Yes, CompileDictionary.java will do it. But if dictionary loading time
is not the problem, I wouldn't bother doing that as it will not buy
you much. Combining the dictionaries, for now, should make the biggest
difference.
On Jun 23, 2008, at 3:02 PM, Ahmed Abdeen Hamed wrote:
Thanks Michael. Dictionaries processing time is reasonable. It's the
document analyzer execution time that is the bottleneck. I will
merge the
dictionaries and compile them as you suggested. However, I am not
sure which
command line tool you are referring to. Do you mean:
org
.apache.uima.conceptMapper.dictionaryCompiler.CompileDictionary.java?
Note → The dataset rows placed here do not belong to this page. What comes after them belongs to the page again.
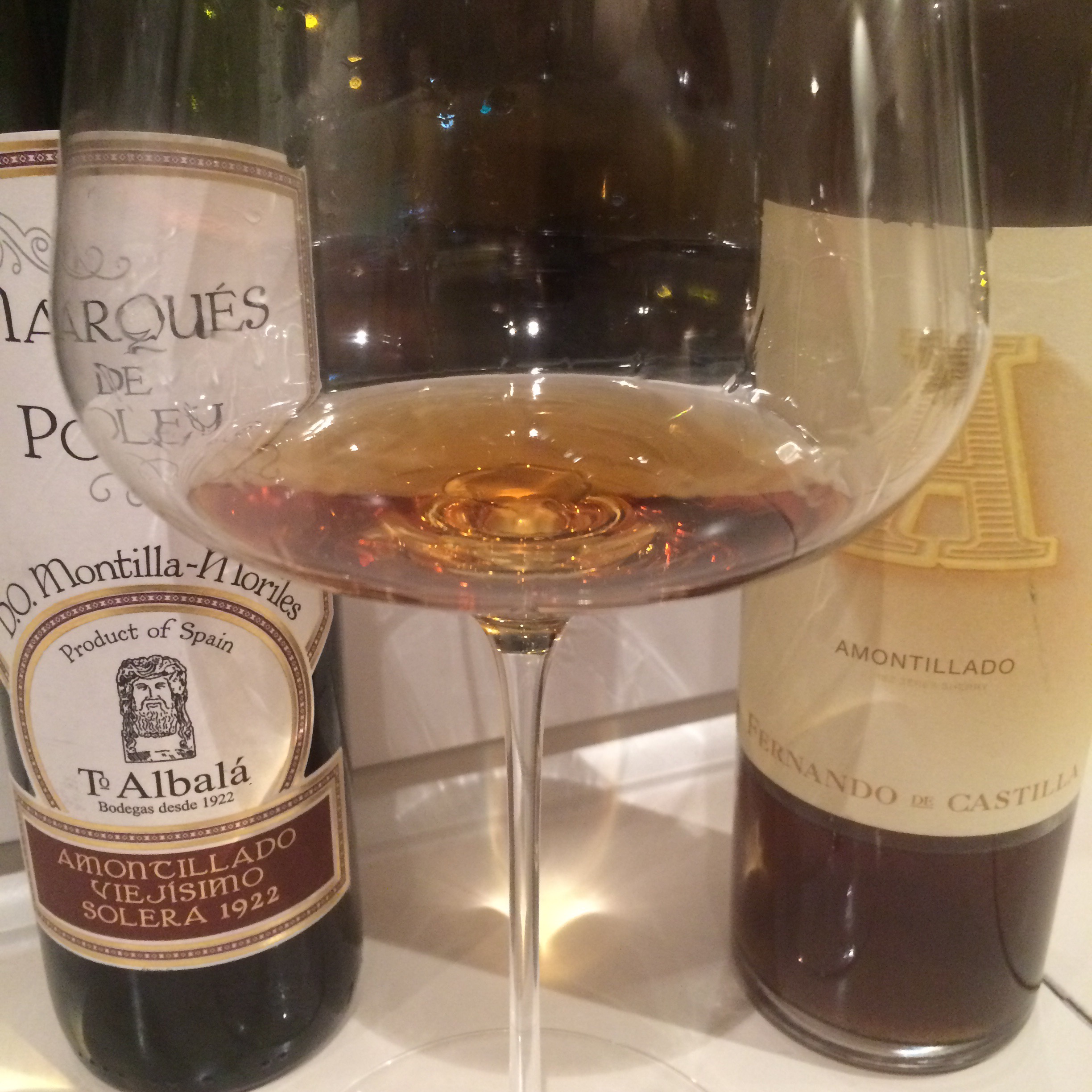 On the right, Fernando de Castilla Antique Amontillado: palomino fino, unfiltered, dusty dry and old in name, spirit and feel. On the left, the Marques de Poley amontillado viejisimo: pedro ximenez, nearly sweet, rich and juicy. Two totally distinct examples of what an amontillado can be.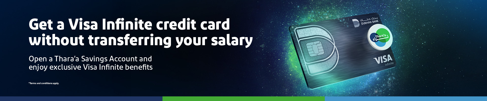 Get a Dukhan Bank Visa Infinite credit card without the need to transfer your salary. Simply deposit and maintain a balance of QAR 100,000 in your Thara’a Savings Account to enjoy: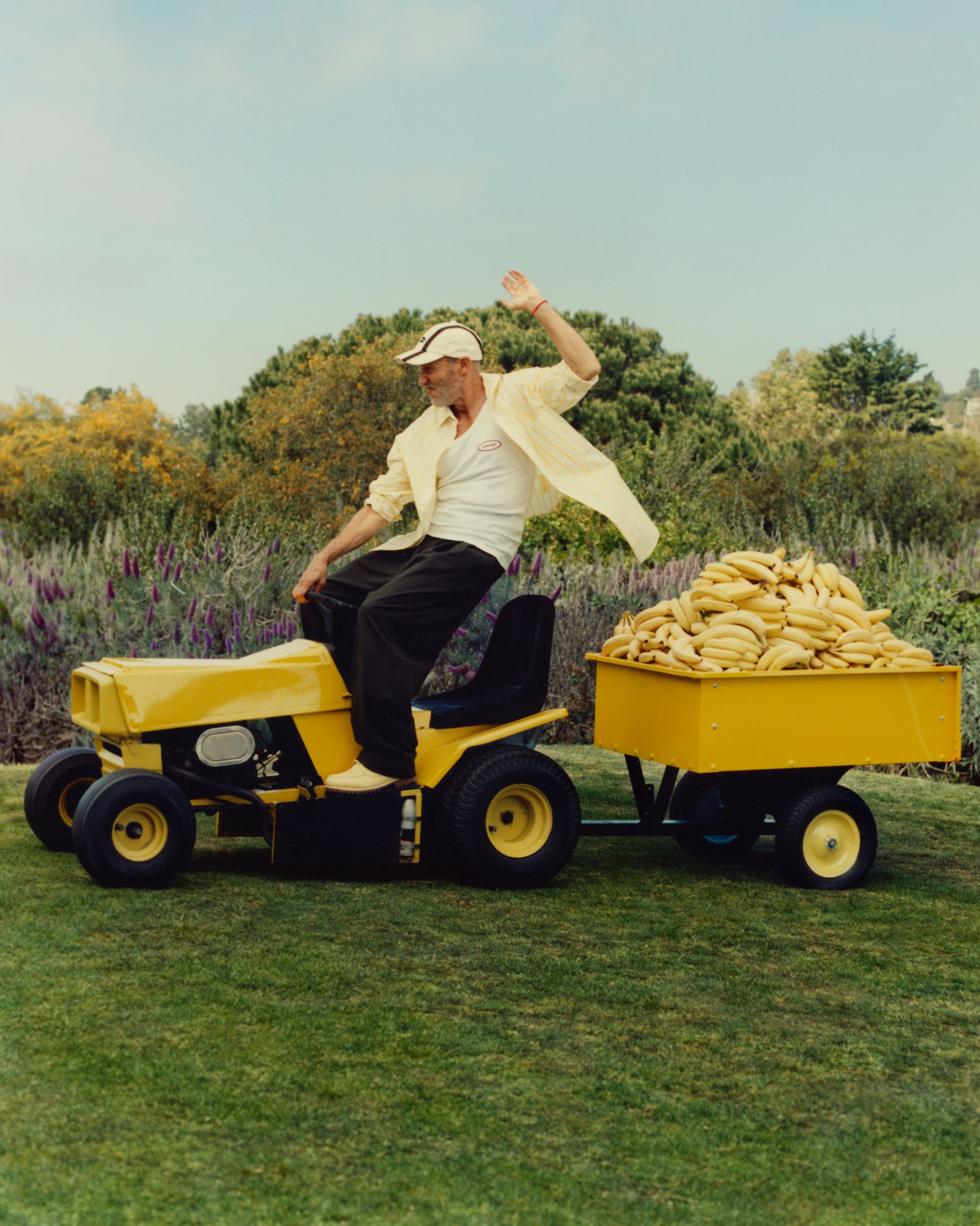 The reasons why Jacquemus would go bananas are many these days: between the recent celebration of its 15th anniversary, the opening of its new store in Los Angeles last week, and the appearance of its creations in the third season of The White Lotus, it's safe to say Jacquemus is grinning from ear to ear. A contagious smile and mood, judging by its latest campaign featuring Jon Gries, American actor and star of the aforementioned series. But while both the brand’s summer pieces and the charisma of the sixty-year-old actor may make us blush and turn us tomato red, the campaign revolves around an entirely different color: yellow. A favorite of Simon Porte Jacquemus, inspired by the sun of his beloved Provence, but especially by bananas, which are omnipresent in this campaign.

Thanks for the vacation heads up.
Ahmed
On Mon, Jun 23, 2008 at 2:37 PM, Michael Tanenblatt <[EMAIL PROTECTED]
>
wrote:
The short answer is "no". Not yet, anyway.
But, here are some things that might help. First, if dictionary
loading
times are long, you can use the command line tool supplied in the
package to
compile the dictionary, and use the compiled dictionary. If you do
this,
remember that you will need to change the AE descriptors to use the
correct
implementation of the dictionary loader, e.g.:
<externalResource>
...
<
implementationName
>
org
.apache
.uima
.conceptMapper
.support.dictionaryResource.CompiledDictionaryResource_impl</
implementationName>
...
</externalResource>
That said, if you are using 13 dictionaries, that means you are
running 13
copies of ConceptMapper in your pipeline, which means that you are
traversing each file's text at 13 times just for your ConceptMapper
invocations. If you could merge the dictionaries into one, you
should see a
marked speedup. Clearly, it a near-term enhancement of
ConceptMapper would
be to enable the loading of multiple dictionaries, which get merged
at
initialization time.
One side note: I am going to be on vacation starting on June 25 and
will
only have occasional access to email until I return on July 12. I
will try
to answer questions during that time when I do have access, but I
really
have no idea how often that will be.
On Jun 23, 2008, at 2:19 PM, Ahmed Abdeen Hamed wrote:
Hello UIMA members,I am using the document analyzer example to
analyze
large
files from multiple dictionaries. One of the raw files is 7.5MB. The
number
of dictionaries is 13, 1MB is the size of each. Is there some sort
of a
matrix that you can use to predict the execution time? Has any one
written
a
paper on the performance analysis of ConceptMapper?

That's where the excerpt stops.